## ABOUT THIS EXERCISE
I'd like every entry transcribed word for word, with no pictures.
DATA EXTRACT Block Start
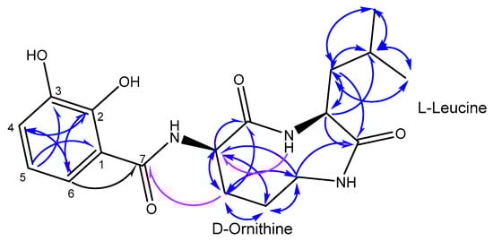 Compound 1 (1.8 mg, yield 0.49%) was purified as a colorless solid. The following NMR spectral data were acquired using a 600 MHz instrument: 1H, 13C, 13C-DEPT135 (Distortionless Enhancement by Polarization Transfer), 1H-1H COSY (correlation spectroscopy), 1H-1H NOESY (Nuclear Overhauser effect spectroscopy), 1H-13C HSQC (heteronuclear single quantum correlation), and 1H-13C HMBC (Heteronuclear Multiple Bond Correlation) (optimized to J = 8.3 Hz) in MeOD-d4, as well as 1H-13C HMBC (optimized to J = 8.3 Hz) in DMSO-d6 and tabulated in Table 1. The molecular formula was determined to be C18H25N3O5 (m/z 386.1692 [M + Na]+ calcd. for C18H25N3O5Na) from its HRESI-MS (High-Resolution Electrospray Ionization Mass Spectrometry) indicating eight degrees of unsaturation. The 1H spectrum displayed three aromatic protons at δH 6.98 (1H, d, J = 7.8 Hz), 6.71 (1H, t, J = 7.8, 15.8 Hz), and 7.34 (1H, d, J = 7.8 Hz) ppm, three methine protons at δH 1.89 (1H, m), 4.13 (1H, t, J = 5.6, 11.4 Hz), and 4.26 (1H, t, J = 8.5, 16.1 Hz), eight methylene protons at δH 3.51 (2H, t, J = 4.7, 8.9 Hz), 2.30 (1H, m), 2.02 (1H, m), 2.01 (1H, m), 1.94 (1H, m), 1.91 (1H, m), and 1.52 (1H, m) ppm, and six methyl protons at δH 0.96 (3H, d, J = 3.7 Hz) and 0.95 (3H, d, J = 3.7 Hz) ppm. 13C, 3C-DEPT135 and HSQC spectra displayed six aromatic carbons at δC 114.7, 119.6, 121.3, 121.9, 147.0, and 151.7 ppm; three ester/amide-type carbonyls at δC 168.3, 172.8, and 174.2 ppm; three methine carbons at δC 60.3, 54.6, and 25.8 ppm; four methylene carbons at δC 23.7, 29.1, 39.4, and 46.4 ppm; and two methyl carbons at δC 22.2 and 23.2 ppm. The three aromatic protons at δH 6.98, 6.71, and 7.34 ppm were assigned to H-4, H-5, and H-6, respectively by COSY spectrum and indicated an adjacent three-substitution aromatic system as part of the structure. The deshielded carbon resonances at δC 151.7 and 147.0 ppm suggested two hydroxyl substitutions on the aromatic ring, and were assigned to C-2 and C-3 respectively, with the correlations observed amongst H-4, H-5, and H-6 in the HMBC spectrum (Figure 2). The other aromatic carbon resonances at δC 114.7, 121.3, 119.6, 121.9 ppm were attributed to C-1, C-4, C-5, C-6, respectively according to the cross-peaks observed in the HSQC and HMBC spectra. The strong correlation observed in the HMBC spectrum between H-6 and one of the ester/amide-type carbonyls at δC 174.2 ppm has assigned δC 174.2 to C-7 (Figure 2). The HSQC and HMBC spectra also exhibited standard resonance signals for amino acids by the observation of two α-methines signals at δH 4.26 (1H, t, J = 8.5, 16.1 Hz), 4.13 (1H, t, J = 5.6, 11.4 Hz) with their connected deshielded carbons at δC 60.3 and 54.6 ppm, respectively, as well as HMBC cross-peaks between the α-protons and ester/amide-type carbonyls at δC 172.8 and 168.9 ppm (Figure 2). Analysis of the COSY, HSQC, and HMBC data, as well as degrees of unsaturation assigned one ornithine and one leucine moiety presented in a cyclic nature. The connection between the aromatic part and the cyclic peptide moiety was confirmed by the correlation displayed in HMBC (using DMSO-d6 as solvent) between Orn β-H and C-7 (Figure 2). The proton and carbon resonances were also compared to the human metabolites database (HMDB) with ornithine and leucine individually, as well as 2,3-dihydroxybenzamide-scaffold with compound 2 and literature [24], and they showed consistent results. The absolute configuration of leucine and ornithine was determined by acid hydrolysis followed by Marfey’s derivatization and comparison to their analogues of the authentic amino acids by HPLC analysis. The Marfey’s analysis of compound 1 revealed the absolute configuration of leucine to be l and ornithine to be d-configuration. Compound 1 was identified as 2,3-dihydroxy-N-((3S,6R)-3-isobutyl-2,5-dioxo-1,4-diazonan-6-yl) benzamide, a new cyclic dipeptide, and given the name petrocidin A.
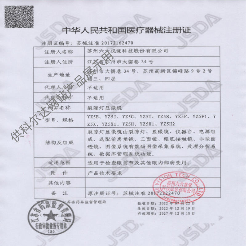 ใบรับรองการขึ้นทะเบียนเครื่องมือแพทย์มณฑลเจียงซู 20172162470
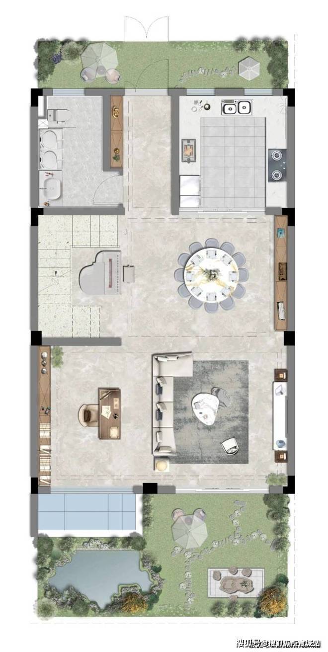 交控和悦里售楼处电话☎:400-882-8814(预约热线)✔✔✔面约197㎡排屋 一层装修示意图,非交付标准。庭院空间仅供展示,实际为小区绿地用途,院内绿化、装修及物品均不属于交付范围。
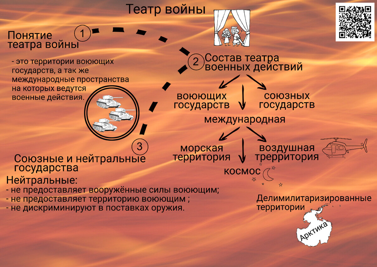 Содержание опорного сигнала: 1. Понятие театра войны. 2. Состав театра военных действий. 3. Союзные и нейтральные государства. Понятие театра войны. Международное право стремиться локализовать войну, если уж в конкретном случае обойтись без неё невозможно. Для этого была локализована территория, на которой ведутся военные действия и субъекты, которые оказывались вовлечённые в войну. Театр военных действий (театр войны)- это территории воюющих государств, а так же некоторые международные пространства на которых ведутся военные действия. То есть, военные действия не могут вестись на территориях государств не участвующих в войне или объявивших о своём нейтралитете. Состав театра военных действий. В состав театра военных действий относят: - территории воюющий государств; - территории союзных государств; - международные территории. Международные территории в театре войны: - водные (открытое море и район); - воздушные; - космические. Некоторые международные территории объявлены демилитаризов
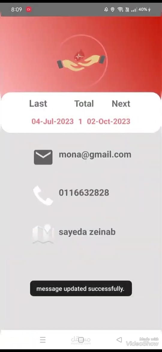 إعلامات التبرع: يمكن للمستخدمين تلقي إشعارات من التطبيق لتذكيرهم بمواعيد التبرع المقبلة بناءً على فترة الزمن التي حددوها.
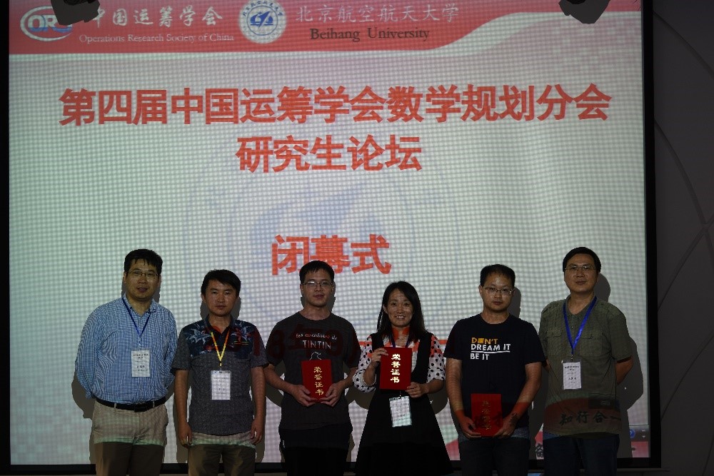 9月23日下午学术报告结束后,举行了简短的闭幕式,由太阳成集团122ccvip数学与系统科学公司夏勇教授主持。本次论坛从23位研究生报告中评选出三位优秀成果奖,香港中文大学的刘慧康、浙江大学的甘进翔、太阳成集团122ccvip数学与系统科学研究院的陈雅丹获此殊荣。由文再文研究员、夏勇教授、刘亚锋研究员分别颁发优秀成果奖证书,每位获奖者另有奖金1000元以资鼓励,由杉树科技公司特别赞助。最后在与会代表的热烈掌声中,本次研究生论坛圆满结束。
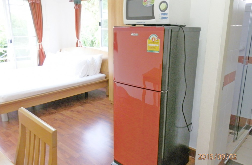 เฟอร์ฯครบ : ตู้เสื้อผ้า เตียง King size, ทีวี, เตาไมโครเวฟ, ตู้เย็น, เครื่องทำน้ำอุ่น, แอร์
DATA EXTRACT Block End
## ANSWER SPACE
 Compound 1 (1.8 mg, yield 0.49%) was purified as a colorless solid. The following NMR spectral data were acquired using a 600 MHz instrument: 1H, 13C, 13C-DEPT135 (Distortionless Enhancement by Polarization Transfer), 1H-1H COSY (correlation spectroscopy), 1H-1H NOESY (Nuclear Overhauser effect spectroscopy), 1H-13C HSQC (heteronuclear single quantum correlation), and 1H-13C HMBC (Heteronuclear Multiple Bond Correlation) (optimized to J = 8.3 Hz) in MeOD-d4, as well as 1H-13C HMBC (optimized to J = 8.3 Hz) in DMSO-d6 and tabulated in Table 1. The molecular formula was determined to be C18H25N3O5 (m/z 386.1692 [M + Na]+ calcd. for C18H25N3O5Na) from its HRESI-MS (High-Resolution Electrospray Ionization Mass Spectrometry) indicating eight degrees of unsaturation. The 1H spectrum displayed three aromatic protons at δH 6.98 (1H, d, J = 7.8 Hz), 6.71 (1H, t, J = 7.8, 15.8 Hz), and 7.34 (1H, d, J = 7.8 Hz) ppm, three methine protons at δH 1.89 (1H, m), 4.13 (1H, t, J = 5.6, 11.4 Hz), and 4.26 (1H, t, J = 8.5, 16.1 Hz), eight methylene protons at δH 3.51 (2H, t, J = 4.7, 8.9 Hz), 2.30 (1H, m), 2.02 (1H, m), 2.01 (1H, m), 1.94 (1H, m), 1.91 (1H, m), and 1.52 (1H, m) ppm, and six methyl protons at δH 0.96 (3H, d, J = 3.7 Hz) and 0.95 (3H, d, J = 3.7 Hz) ppm. 13C, 3C-DEPT135 and HSQC spectra displayed six aromatic carbons at δC 114.7, 119.6, 121.3, 121.9, 147.0, and 151.7 ppm; three ester/amide-type carbonyls at δC 168.3, 172.8, and 174.2 ppm; three methine carbons at δC 60.3, 54.6, and 25.8 ppm; four methylene carbons at δC 23.7, 29.1, 39.4, and 46.4 ppm; and two methyl carbons at δC 22.2 and 23.2 ppm. The three aromatic protons at δH 6.98, 6.71, and 7.34 ppm were assigned to H-4, H-5, and H-6, respectively by COSY spectrum and indicated an adjacent three-substitution aromatic system as part of the structure. The deshielded carbon resonances at δC 151.7 and 147.0 ppm suggested two hydroxyl substitutions on the aromatic ring, and were assigned to C-2 and C-3 respectively, with the correlations observed amongst H-4, H-5, and H-6 in the HMBC spectrum (Figure 2). The other aromatic carbon resonances at δC 114.7, 121.3, 119.6, 121.9 ppm were attributed to C-1, C-4, C-5, C-6, respectively according to the cross-peaks observed in the HSQC and HMBC spectra. The strong correlation observed in the HMBC spectrum between H-6 and one of the ester/amide-type carbonyls at δC 174.2 ppm has assigned δC 174.2 to C-7 (Figure 2). The HSQC and HMBC spectra also exhibited standard resonance signals for amino acids by the observation of two α-methines signals at δH 4.26 (1H, t, J = 8.5, 16.1 Hz), 4.13 (1H, t, J = 5.6, 11.4 Hz) with their connected deshielded carbons at δC 60.3 and 54.6 ppm, respectively, as well as HMBC cross-peaks between the α-protons and ester/amide-type carbonyls at δC 172.8 and 168.9 ppm (Figure 2). Analysis of the COSY, HSQC, and HMBC data, as well as degrees of unsaturation assigned one ornithine and one leucine moiety presented in a cyclic nature. The connection between the aromatic part and the cyclic peptide moiety was confirmed by the correlation displayed in HMBC (using DMSO-d6 as solvent) between Orn β-H and C-7 (Figure 2). The proton and carbon resonances were also compared to the human metabolites database (HMDB) with ornithine and leucine individually, as well as 2,3-dihydroxybenzamide-scaffold with compound 2 and literature [24], and they showed consistent results. The absolute configuration of leucine and ornithine was determined by acid hydrolysis followed by Marfey’s derivatization and comparison to their analogues of the authentic amino acids by HPLC analysis. The Marfey’s analysis of compound 1 revealed the absolute configuration of leucine to be l and ornithine to be d-configuration. Compound 1 was identified as 2,3-dihydroxy-N-((3S,6R)-3-isobutyl-2,5-dioxo-1,4-diazonan-6-yl) benzamide, a new cyclic dipeptide, and given the name petrocidin A.
 ใบรับรองการขึ้นทะเบียนเครื่องมือแพทย์มณฑลเจียงซู 20172162470
 交控和悦里售楼处电话☎:400-882-8814(预约热线)✔✔✔面约197㎡排屋 一层装修示意图,非交付标准。庭院空间仅供展示,实际为小区绿地用途,院内绿化、装修及物品均不属于交付范围。
 Содержание опорного сигнала: 1. Понятие театра войны. 2. Состав театра военных действий. 3. Союзные и нейтральные государства. Понятие театра войны. Международное право стремиться локализовать войну, если уж в конкретном случае обойтись без неё невозможно. Для этого была локализована территория, на которой ведутся военные действия и субъекты, которые оказывались вовлечённые в войну. Театр военных действий (театр войны)- это территории воюющих государств, а так же некоторые международные пространства на которых ведутся военные действия. То есть, военные действия не могут вестись на территориях государств не участвующих в войне или объявивших о своём нейтралитете. Состав театра военных действий. В состав театра военных действий относят: - территории воюющий государств; - территории союзных государств; - международные территории. Международные территории в театре войны: - водные (открытое море и район); - воздушные; - космические. Некоторые международные территории объявлены демилитаризов
 إعلامات التبرع: يمكن للمستخدمين تلقي إشعارات من التطبيق لتذكيرهم بمواعيد التبرع المقبلة بناءً على فترة الزمن التي حددوها.
 9月23日下午学术报告结束后,举行了简短的闭幕式,由太阳成集团122ccvip数学与系统科学公司夏勇教授主持。本次论坛从23位研究生报告中评选出三位优秀成果奖,香港中文大学的刘慧康、浙江大学的甘进翔、太阳成集团122ccvip数学与系统科学研究院的陈雅丹获此殊荣。由文再文研究员、夏勇教授、刘亚锋研究员分别颁发优秀成果奖证书,每位获奖者另有奖金1000元以资鼓励,由杉树科技公司特别赞助。最后在与会代表的热烈掌声中,本次研究生论坛圆满结束。
 เฟอร์ฯครบ : ตู้เสื้อผ้า เตียง King size, ทีวี, เตาไมโครเวฟ, ตู้เย็น, เครื่องทำน้ำอุ่น, แอร์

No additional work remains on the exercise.